Problem: Every line from the one containing "My name is Bob" through the end of the listing below goes in the output, exactly and without pictures.

(Supplied information begins)

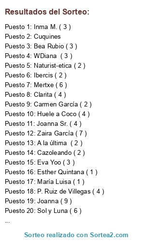 Lista de participantes: Xiito ( 4 ), Montse PM ( 2 ), Mónika Sánchez ( 5 ), Vanessa Jímenez ( 3), Lillibit´s ( 6 ), Neus (8 ), Cuquines (6 participaciones), Raquel Nail´s ( 7 ), Yolanda garcía (9 ), Joanna ( 9 ), Anyol75 ( 6 ), Tirsi ( 4 ), LDDS ( 1 ), Aniña@vamperil ( 6 ), Silvi Manos de árbol ( 7 ), Maite Floriani ( 5 ), Srta. Hedonista ( 1 ), Inma M. ( 3 ), Ginger ( 4 ), Nuria ( 3 ), Regina García Pulido ( 3 ), Angeles ( 5 ), P. Ruiz de Villegas ( 4 ), Clarita ( 4 ), Barrufina Rosa ( 6 ), A la última ( 2 ), Maribel vega ( 2 ), Zaira García ( 7 ), Martha alonso ( 1 ), Noahh ( 9 ), Xandra ( 6 ), Bea Rubio ( 3 ), Mcruza20 ( 2 ), Nerea González ( 4 ), Elenusqui ( 5 ), Trusquiña ( 3 ), Gadiluza ( 1 ), Msevilla ( 5 ), Entremaquillaje ( 6 ), Rosario Pérez ( 5 ), Ruth Chasco ( 3 ), Pero Kate ( 1 ), Irene Vásquez ( 3 ), Ibercis ( 2 ), Marina Sáez ( 2 ), Conmuchaidea ( 4 ), Carmen García ( 2 ), Mertxe ( 6 ), Silvia Bartolomé ( 5 ), Jen López Sánchez ( 2 ), Raquel BS ( 6 ), Aída ( 3 ), Nuria Macias García ( 4 ), Mallirubi ( 4 ), Mistri Desorden ( 3 ), Naturist-etica ( 2 ), Eider Navarro ( 2 ), Mónica Martínez ( 4 ), Miriam Martos ( 1 ), Clara Caballero García ( 4 ), Belswan ( 5 ), Sol y Luna ( 6 ), Irene Merino ( 2 ), María Luisa ( 1 ), Joanna Sr. ( 4 ), Sei ( 2 ), Noxelia ( 2 ), Esther Quintana ( 1 ), Nathy Music Love ( 4 ), Paula R ( 1 ), El tocador de Larissa ( 4 ), Manuela García ( 4 ), Livy ( 5 ), Estelblau ( 1 ), Cristina273 ( 6 ), Laura Sánchez ( 4 ), ;iriam Rodríguez ( 6 ), Patricia ( 2 ), Ladyencarni ( 3 ), Kationa ( 2 ), María Rosa Fdz ( 3 ), Cazoleando ( 2 ), Morales´s Ruth ( 5 ), Esther makeup ( 5 ), Mary Jo ( 5 ), Bichos ( 4 ), Vanessa2112 (1 ), Macarena Soñando con paris ( 6 ), Kela ( 5 ), Pili-La fabulosa Historia ( 6 ), WDiana ( 3 ), Melyssa PG ( 8 ), María González ( 4 ), Veriniquita80 ( 3 ), Patricia Pujol Marton ( 2 ), Huele a Coco ( 4 ), Lentejas1962 ( 4 ), The thin king Cat ( 2 ), M.Carmen santiago ( 3 ), Eva Yoo ( 3 ), Brina Makeup ( 4 ).
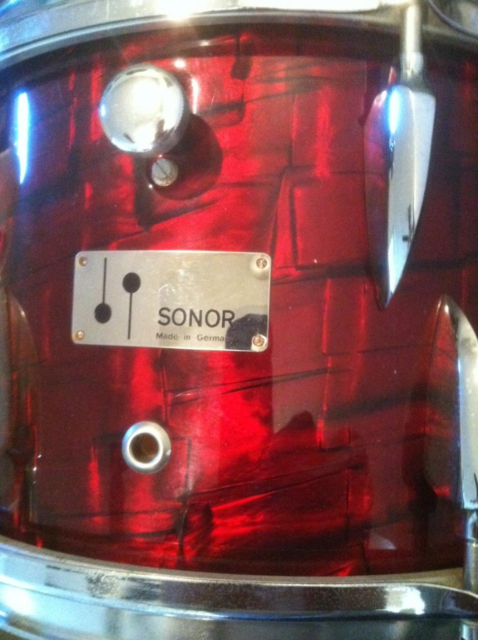 My name is Bob from NJ. I have 2 Sonor drums that I am having trouble identifying. They are both mounted toms. 1 is 8x12, the other is 8x13. I have attached a pic of the one drum. They are a matched pair. Hopefully someone can ID the year, model and color which is a candy red and black. The picture shows the badge plate with 2 mallets and says Made in Germany. Also shown are the tension lugs.
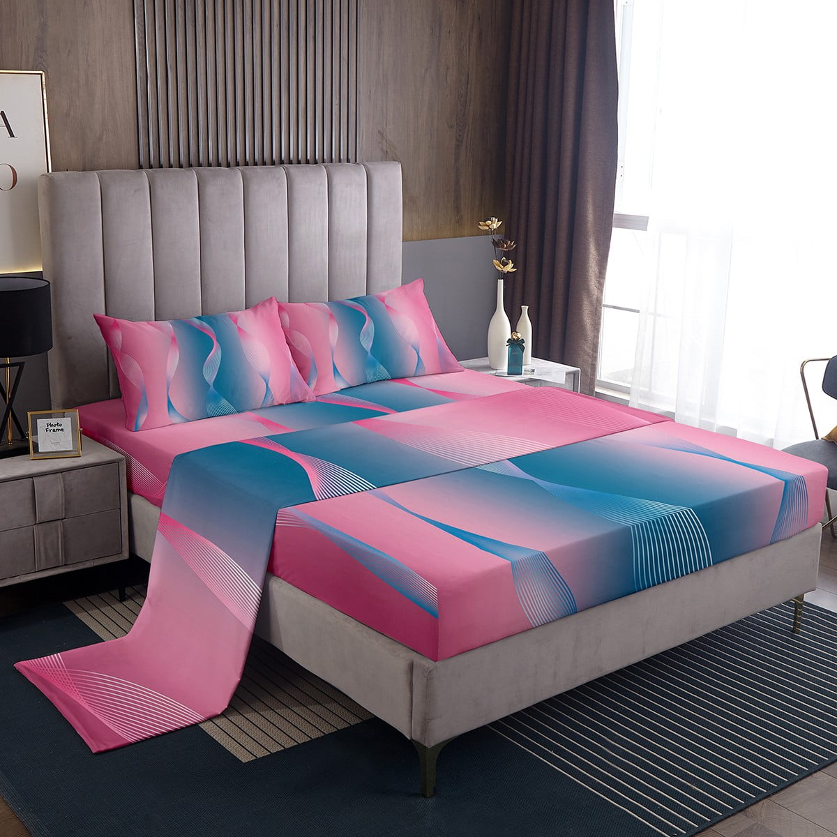YST Gradient Blue and Pink Sheet Sets for Girls,Irregular Silver Stripe
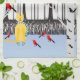 Winter Joy - Katt med scarf Birch Träd Kardinals Kökshandduk

(Supplied information ends)

Response:
 My name is Bob from NJ. I have 2 Sonor drums that I am having trouble identifying. They are both mounted toms. 1 is 8x12, the other is 8x13. I have attached a pic of the one drum. They are a matched pair. Hopefully someone can ID the year, model and color which is a candy red and black. The picture shows the badge plate with 2 mallets and says Made in Germany. Also shown are the tension lugs.
YST Gradient Blue and Pink Sheet Sets for Girls,Irregular Silver Stripe
 Winter Joy - Katt med scarf Birch Träd Kardinals Kökshandduk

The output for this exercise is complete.